» Work to be completed: In the data below, find the line that contains "Wycnly Womens Fleece" and the line that contains "50代は、ミスをしないことを". Copy both, plus every line between them, exactly.

» Material for this task:
:::::

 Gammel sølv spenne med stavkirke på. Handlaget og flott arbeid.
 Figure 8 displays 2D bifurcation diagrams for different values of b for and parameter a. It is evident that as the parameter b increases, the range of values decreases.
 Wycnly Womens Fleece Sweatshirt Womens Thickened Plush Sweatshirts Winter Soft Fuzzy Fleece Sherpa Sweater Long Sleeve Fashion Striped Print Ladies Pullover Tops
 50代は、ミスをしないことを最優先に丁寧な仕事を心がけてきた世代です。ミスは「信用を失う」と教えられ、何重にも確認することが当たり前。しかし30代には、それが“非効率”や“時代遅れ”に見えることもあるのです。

:::::

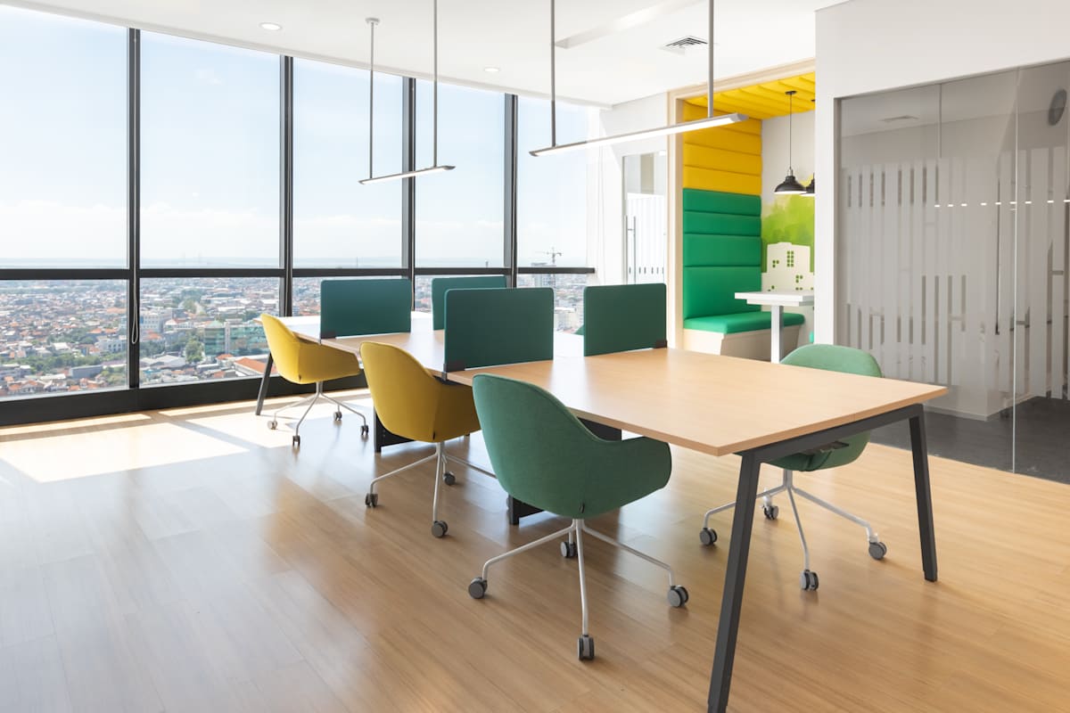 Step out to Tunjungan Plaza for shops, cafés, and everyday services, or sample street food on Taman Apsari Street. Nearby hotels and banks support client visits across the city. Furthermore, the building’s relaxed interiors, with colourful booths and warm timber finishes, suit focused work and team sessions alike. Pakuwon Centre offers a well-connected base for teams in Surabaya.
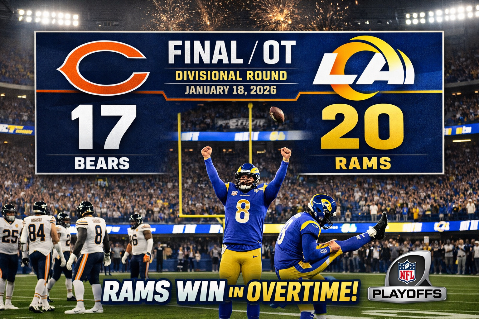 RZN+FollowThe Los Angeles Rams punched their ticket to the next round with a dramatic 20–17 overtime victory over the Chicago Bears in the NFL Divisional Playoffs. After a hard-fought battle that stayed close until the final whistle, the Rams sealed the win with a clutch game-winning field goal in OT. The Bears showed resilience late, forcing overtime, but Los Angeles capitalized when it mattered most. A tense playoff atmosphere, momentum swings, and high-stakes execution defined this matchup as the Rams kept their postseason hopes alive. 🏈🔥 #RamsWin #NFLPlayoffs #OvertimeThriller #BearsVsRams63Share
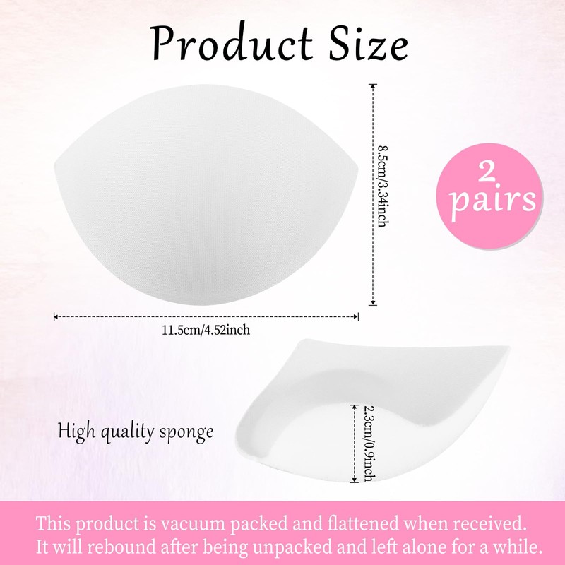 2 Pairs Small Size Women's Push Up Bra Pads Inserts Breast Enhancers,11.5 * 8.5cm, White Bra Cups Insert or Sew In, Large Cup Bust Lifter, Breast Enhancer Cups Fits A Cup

:::::

» Answer section:
 Wycnly Womens Fleece Sweatshirt Womens Thickened Plush Sweatshirts Winter Soft Fuzzy Fleece Sherpa Sweater Long Sleeve Fashion Striped Print Ladies Pullover Tops
 50代は、ミスをしないことを最優先に丁寧な仕事を心がけてきた世代です。ミスは「信用を失う」と教えられ、何重にも確認することが当たり前。しかし30代には、それが“非効率”や“時代遅れ”に見えることもあるのです。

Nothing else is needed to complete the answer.